Berikut adalah 10 pasar emerging teratas, yang sering dianggap sebagai yang paling menarik untuk investasi:

  1. Tiongkok: Sebagai ekonomi terbesar kedua di dunia, Tiongkok telah mengalami pertumbuhan ekonomi yang luar biasa selama beberapa dekade terakhir, didorong oleh industrialisasi, urbanisasi, dan kebijakan yang berorientasi ekspor. Negara ini sedang bertransisi menuju ekonomi yang lebih didorong oleh konsumen, tetapi menghadapi tantangan seperti tingkat utang yang tinggi, populasi yang menua, dan masalah lingkungan.
  2. India: Denganpopulasi lebih dari 1,3 miliar orang dan salah satu ekonomi dengan pertumbuhan tercepat di dunia, India menawarkan peluang signifikan di berbagai sektor seperti teknologi, infrastruktur, dan barang konsumsi. Namun, tantangan seperti birokrasi, hambatan infrastruktur, dan ketimpangan pendapatan masih terus berlanjut.
  3. Brasil: Sebagai ekonomi terbesar di Amerika Selatan, Brasil memiliki sumber daya alam yang melimpah, pasar domestik yang besar, dan kelas menengah yang terus tumbuh. Namun, negara ini menghadapi tantangan ekonomi dan politik dalam beberapa tahun terakhir, termasuk inflasi yang tinggi dan skandal korupsi.
  4. Rusia: Meskipun merupakan pemain utama global dalam sumber daya energi dan memiliki penduduk yang berpendidikan tinggi, Rusia menghadapi hambatan ekonomi akibat ketegangan geopolitik dan sanksi, yang berdampak pada mata uang dan prospek pertumbuhannya.
  5. Indonesia: Sebagai ekonomi terbesar di Asia Tenggara, Indonesia memiliki populasi yang muda dan terus bertambah, sumber daya alam yang melimpah, dan lokasi yang strategis. Negara ini menghadapi tantangan seperti pembangunan infrastruktur dan stabilitas politik.
  6. Turki: Dengan lokasi strategis antara Eropa dan Asia, Turki diuntungkan oleh ekonomi yang beragam dan populasi yang muda. Namun, negara ini telah menghadapi inflasi tinggi, volatilitas mata uang, dan ketidakpastian politik dalam beberapa tahun terakhir.
  7. Meksiko: Sebagai ekonomi terbesar kedua di Amerika Latin, Meksiko memiliki sektor manufaktur yang kuat dan hubungan perdagangan yang erat dengan Amerika Serikat. Negara ini menghadapi tantangan seperti ketimpangan ekonomi, kejahatan, dan korupsi.
  8. Afrika Selatan: Kaya akan sumber daya alam dan dengan ekonomi yang beragam, Afrika Selatan adalah ekonomi terbesar di Afrika. Namun, negara ini menghadapi tantangan terkait tingginya tingkat pengangguran, ketimpangan pendapatan, dan ketidakstabilan politik.
  9. Nigeria: Sebagai ekonomi terbesar di Afrika dan produsen minyak utama, Nigeria memiliki potensi pertumbuhan yang signifikan, terutama di sektor-sektor seperti pertanian, teknologi, dan hiburan. Namun, negara ini menghadapi tantangan terkait stabilitas politik, pembangunan infrastruktur, dan ketimpangan sosial.
  10. Polandia: Sebagai ekonomi terbesar di Eropa Tengah dan Timur, Polandia telah berhasil bertransisi dari ekonomi komunis ke ekonomi berbasis pasar. Negara ini memiliki ekonomi yang terdiversifikasi dengan baik dan telah memperoleh manfaat dari keanggotaan Uni Eropa, tetapi masih menghadapi tantangan terkait ketimpangan pendapatan dan polarisasi politik.

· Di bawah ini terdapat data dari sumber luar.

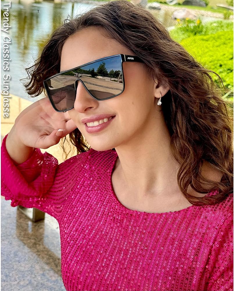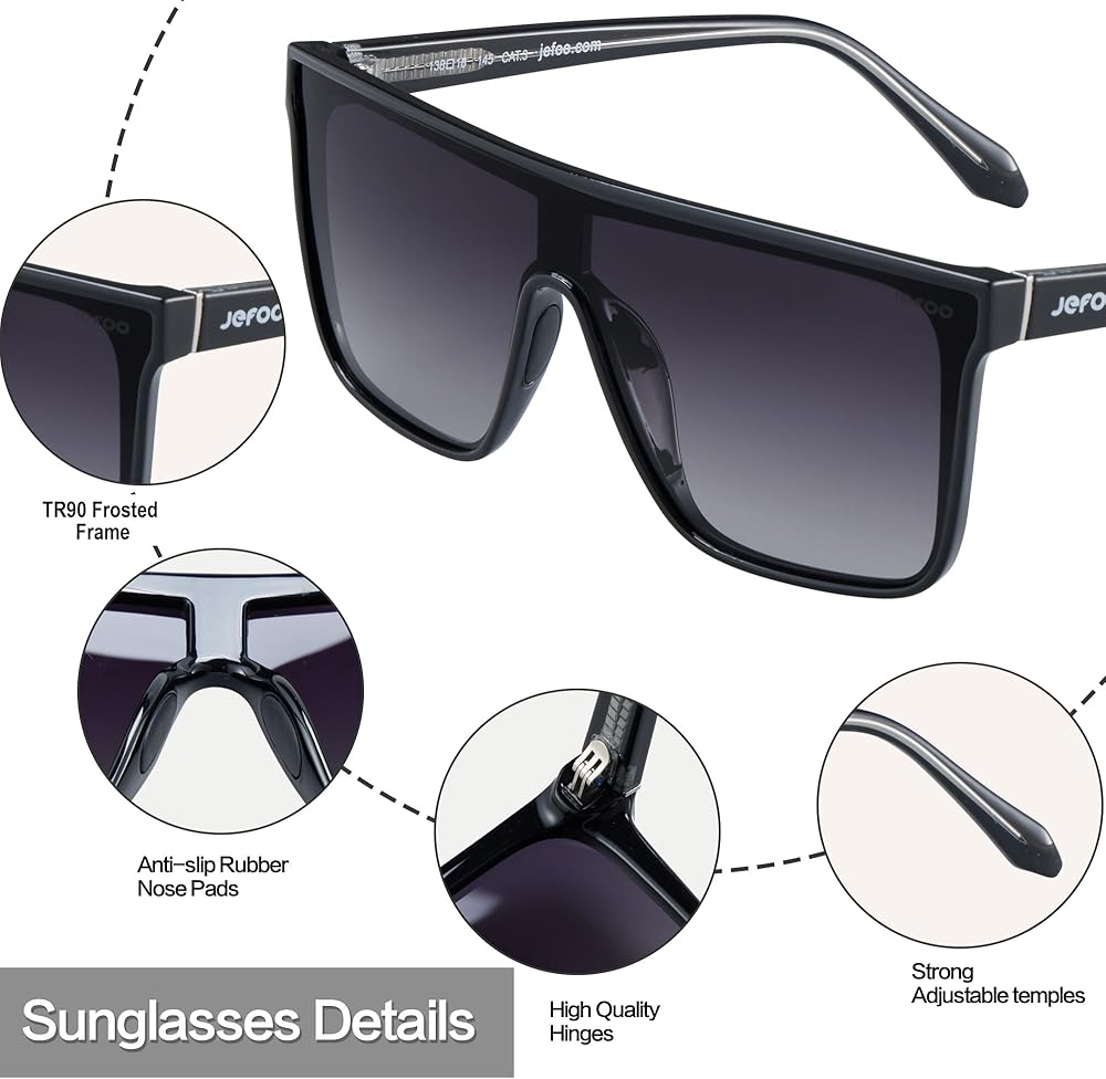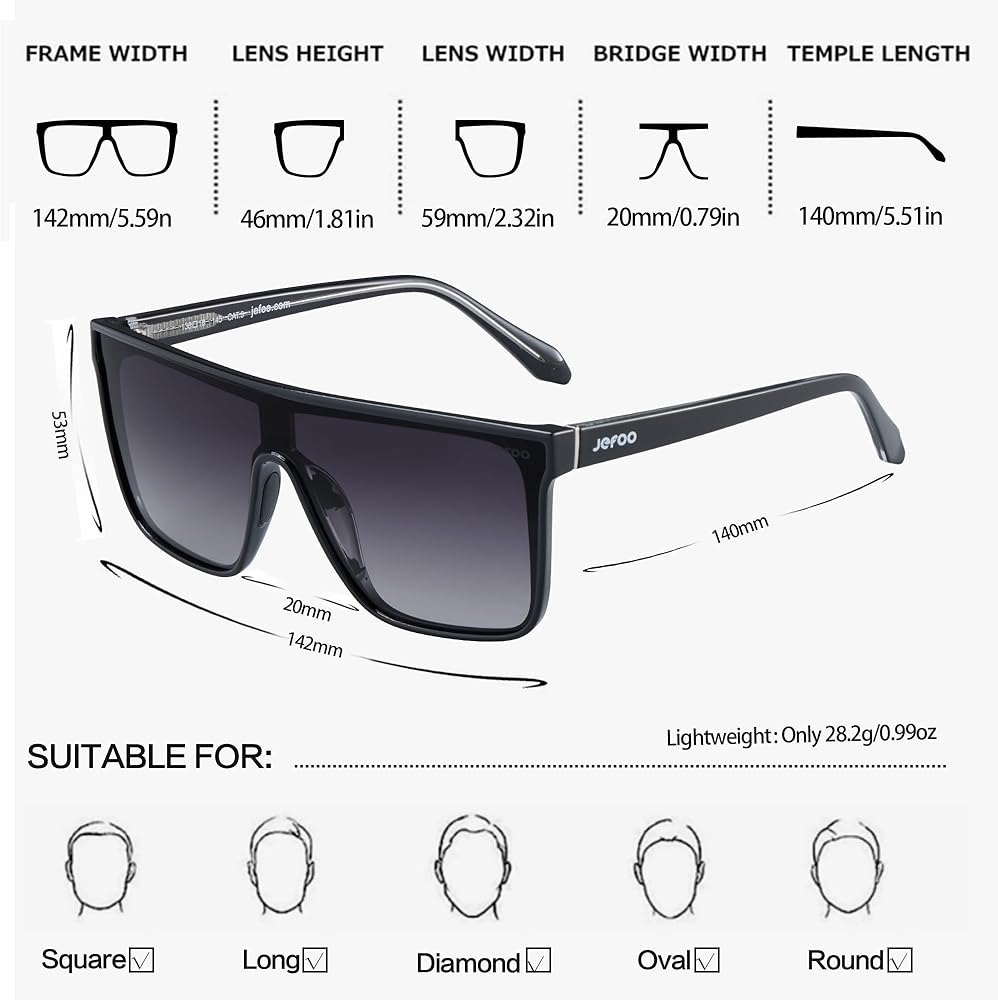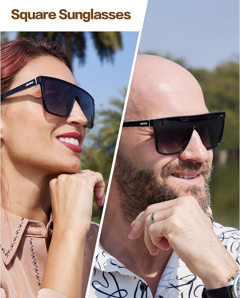 Square Flat Lens Design: Jefoo stylish sunglasses, with integrated square lenses, are suitable for both men and women. The large square frame complements various face shapes, showcasing your elegance and fashion sense. The unique flat top design perfectly shades your eyes.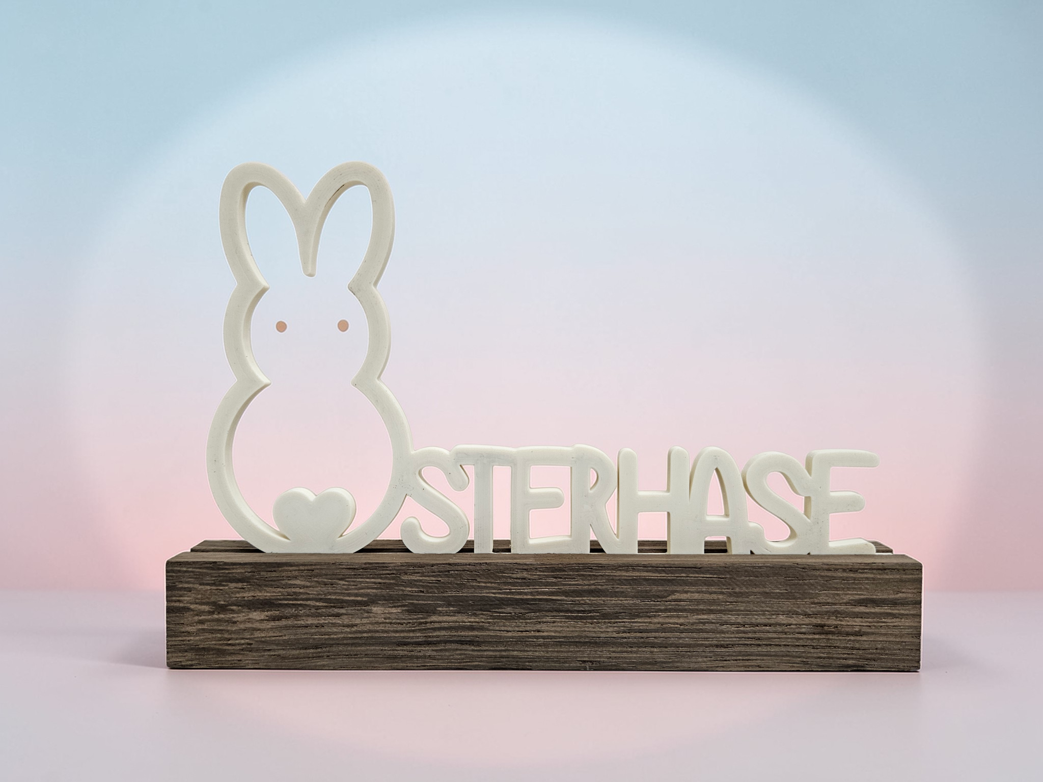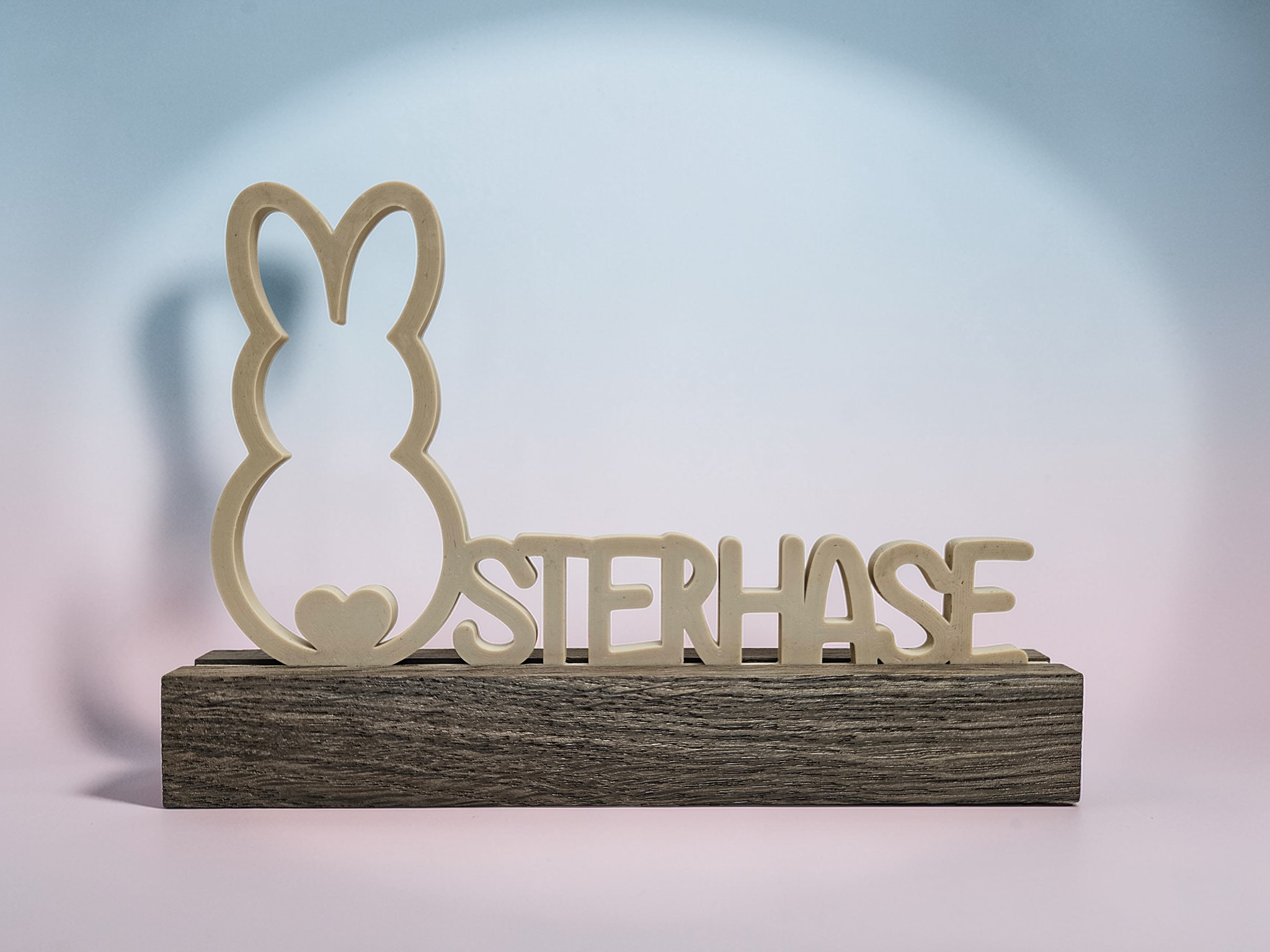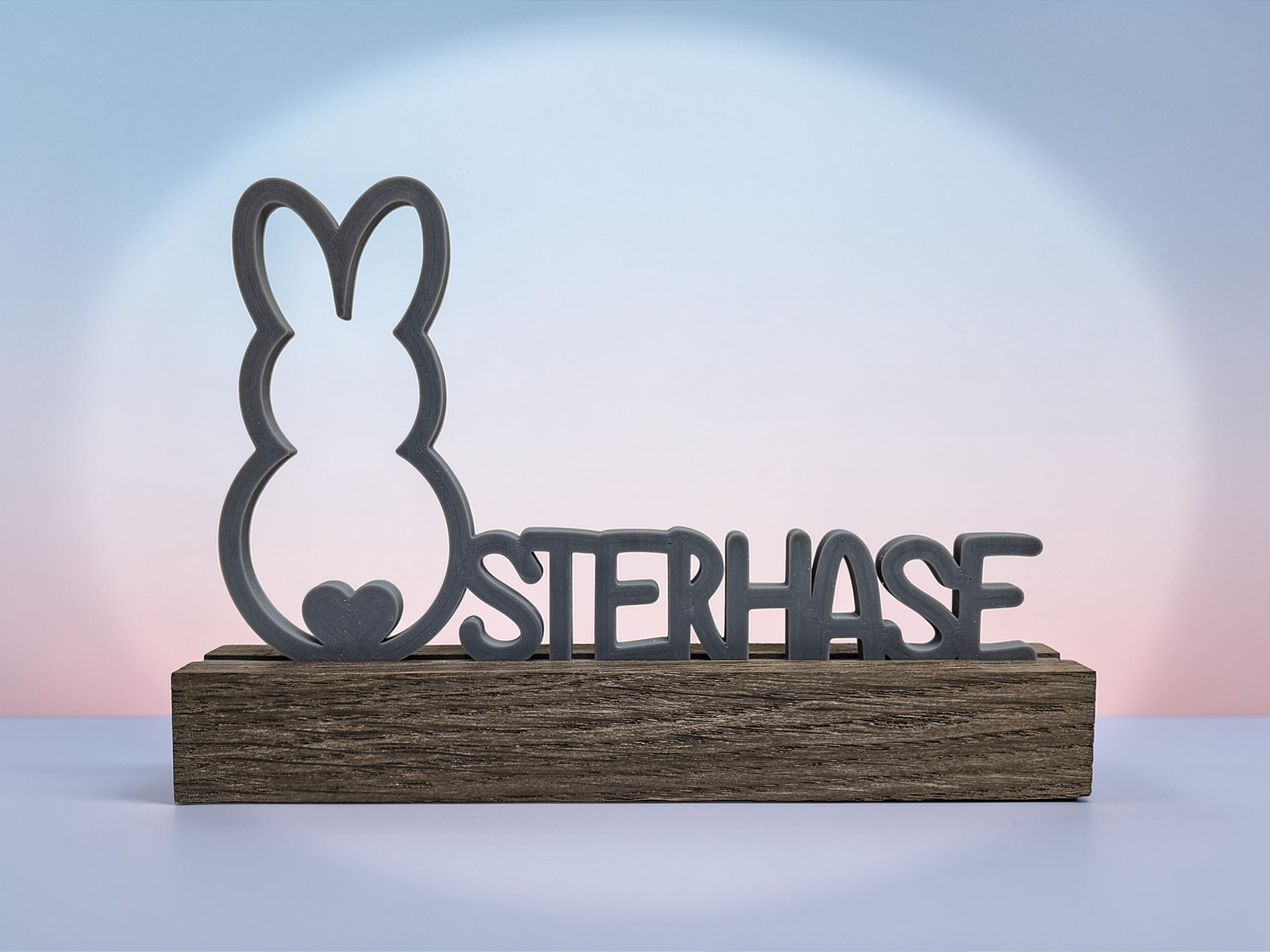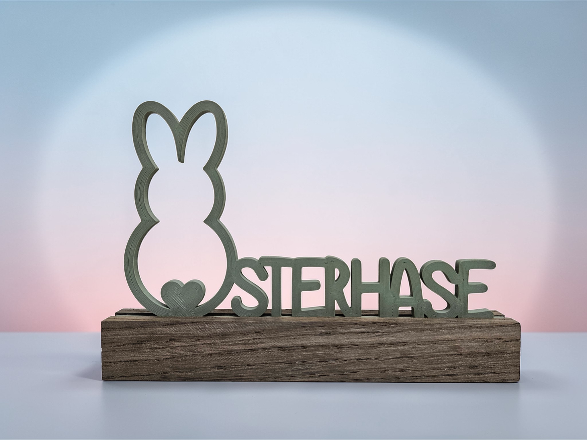 Osteraufsteller „Frohe Ostern“ mit Holzsockel – 3D gedruckt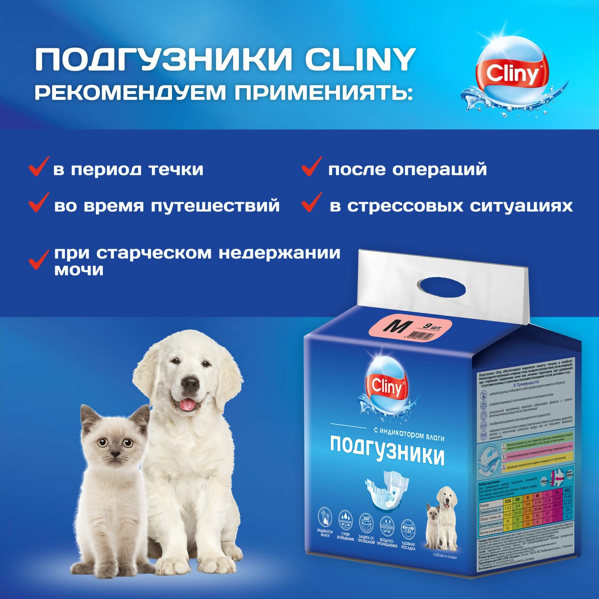 CLINY Подгузники М ( 5-10кг) для собак и кошек, 9шт./уп.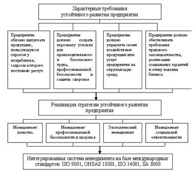 В последнее время инструментами, совершенствующими внутрифирменные системы управления, выступают интегрированные системы менеджмента (ИСМ), которые в общепризнанном понимании являются частью системы общего менеджмента предприятия, отвечают требованиям двух или более международных стандартов на системы менеджмента и функционируют как единое целое. Такие системы позволяют организациям решать экономические, социальные и экологические проблемы с пользой для персонала, общества и государства. Так как предприятие существует одновременно в нескольких «средах», то возможность его устойчивого развития определяется тем, в какой мере ему удается соответствовать требованиям, предъявляемым этими «средами». На рисунке представлена упрощенная схема реализации стратегии устойчивого развития предприятия на основе интегрированной системы менеджмента.

10 pasar negara berkembang teratas ini menawarkan beragam peluang investasi di berbagai sektor dan wilayah.

Meskipun setiap pasar memiliki risiko dan tantangan unik, potensi pertumbuhannya dapat memberikan imbal hasil menarik bagi investor yang bersedia menghadapi kompleksitas tersebut.